Personal tools
University Computing Service

Wireless networking

Configuring eduroam - Windows 7

These instructions are for configuring wireless access to eduroam on Windows 7 using the built-in wireless networking configuration utility.

Configuration Steps

Make sure that you have your credentials (eduroam identifier and Network access token (username and password)) from the UCS Tokens service.

NOTE: Before you begin the steps below, you must be connected to the network fully (on Lapwing/Raven or an office or home connection) and browse to the UCS Tokens service page using Internet Explorer 6 or above (if you use a third-party browser such as Firefox or Google Chrome, this will not work). This causes your browser your to automatically retrieve some information required in the certificate authority step below.

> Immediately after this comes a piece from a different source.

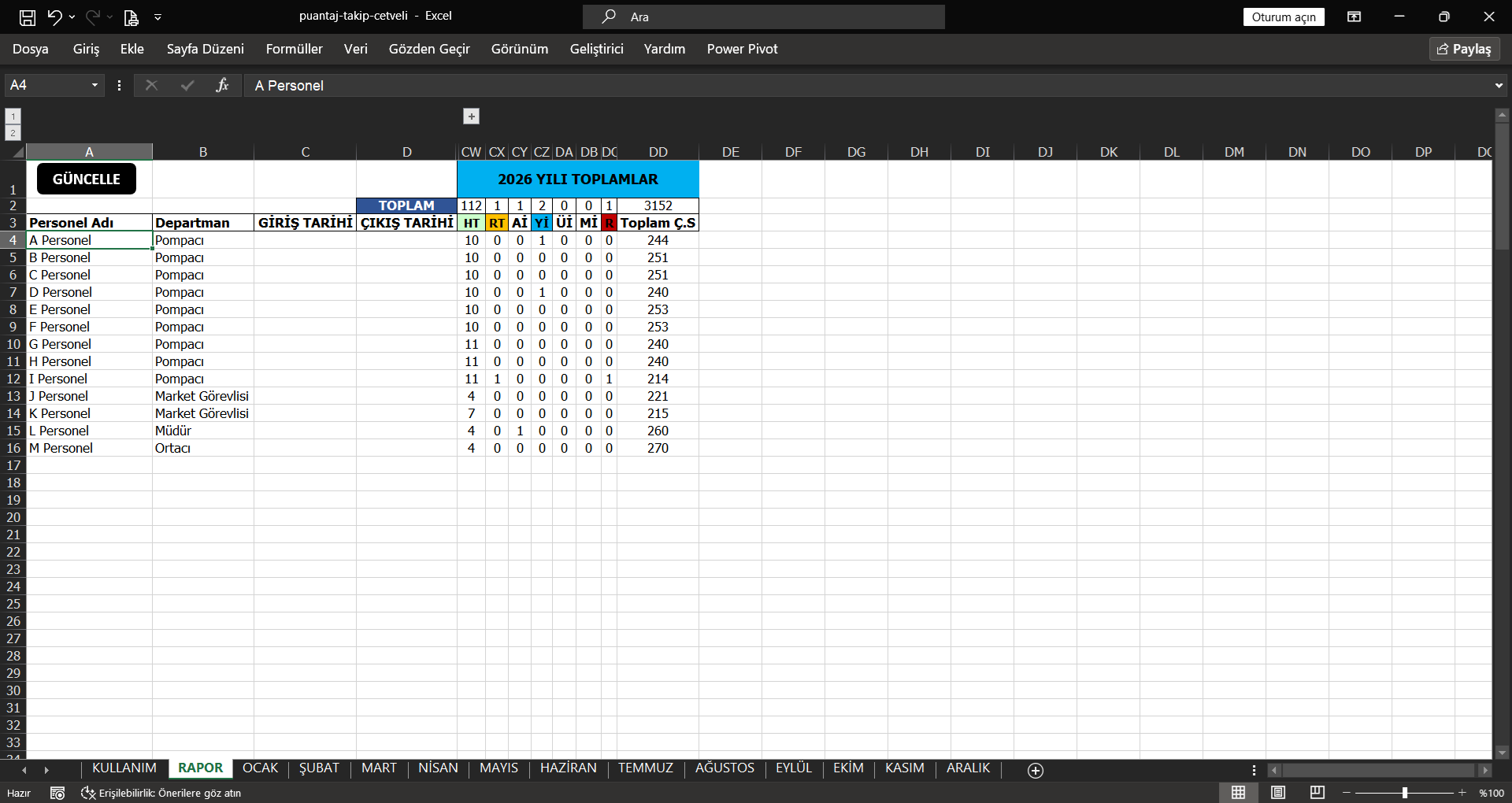 - Yıllık Konsolide Rapor: Aylık sayfaların yanı sıra "RAPOR" sekmesi üzerinden personelin tüm yıl boyunca sergilediği performans ve devamsızlık özetini tek bir ekranda görebilirsiniz.

  1. Go to Start, then Control Panel, then Network and Internet, then Network and Sharing Center
  2. From the list of tasks select Setup a new connection or network.
    Network status and tasks
  3. When asked to choose a new connection option select Manually connect to a wireless network
    Manual setup
  4. You will then be asked for information about the wireless network.
    Wireless Network Connection information box
    • In the Network name box, type eduroam (note the lower-case 'e').
    • From the drop-down lists:
      • For Security type choose WPA2-Enterprise (or WPA-Enterprise if your wireless card doesn't support WPA2)
      • For Encryption type choose AES (or TKIP if your wireless card doesn't support AES)
    Select Next. You should now be told that eduroam has been successfully added. Select Change connection settings.
    Changing connection settings
    This will bring up the network wireless connection properties.
  5. On the Connection tab uncheck Connect to a more preferred network if available The result should look like:-
    Untick preferred network
  6. Select the Security tab.
    Security tab settings
    • From the drop-down list for Choose a network authentication method choose Protected EAP (PEAP)
    • Select Settings…
  7. Complete the settings in this dialogue box as shown:
    Protected EAP (PEAP) Properties dialogue box AddTrust
    • Make sure Validate server certificate is ticked.
    • Tick Connect to these servers, making the text field below available…
    • …in this box, enter network.tokens.csx.cam.ac.uk.
    • From the list of Trusted Root Certification Authorities find AddTrust External CA Root and tick the box next to it; If AddTrust External CA Root is not in the list of Trusted Root Certification Authorities then see the step at the top of this page
    • Tick the box next to Do not prompt user to authorize new servers or trusted certification authorities
    • Tick the box for Enable Identity Privacy.
  8. The drop-down list under Select Authentication Method should already have Secured password (EAP-MSCHAP v2) selected - select the Configure… button next to it to open the EAP MSCHAPv2 Properties dialogue box:
    EAP MSCHAPv2 Properties
  9. Untick the box next to Automatically use my Windows logon name and password (and domain if any) then select OK, then select OK to close the Protected EAP Properties dialogue box
  10. Now, from the Security tab select Advanced settings
    user authentication setting required
  11. Check that you have the 802.1X settings tab and, from the pull-down menu select User authentication then select OK
  12. Now Select the 802.11 settings tab. Check that Enable Pairwise Master Key (PMK) caching is not ticked.
  13. Select OK to close all the various dialogue boxes
  14. Select Close to close the "Manually connect to a wireless network" box.
  15. After a short period of time, your computer should detect the eduroam wireless network and display a balloon, telling you Additional information is needed to connect eduroam.
    Additional details required balloon
  16. Click in the balloon and a dialogue box will appear, prompting you for your credentials.
  17. Complete the dialogue box using the Network Authentication credentials given on the UCS Tokens service:
    Credentials
    • Your User name will be the eduroam identifier shown (typically your CRSid followed by @cam.ac.uk).
    • Your Password will be the Network access token shown.
  18. Select OK.

If you get an error saying that authentication has failed, double-check the above steps. In particular check that you have typed network.tokens.csx.cam.ac.uk and not network-tokens.csx.cam.ac.uk (i.e. a full stop not a hyphen). If you are still unable to connect contact the Help Desk for assistance.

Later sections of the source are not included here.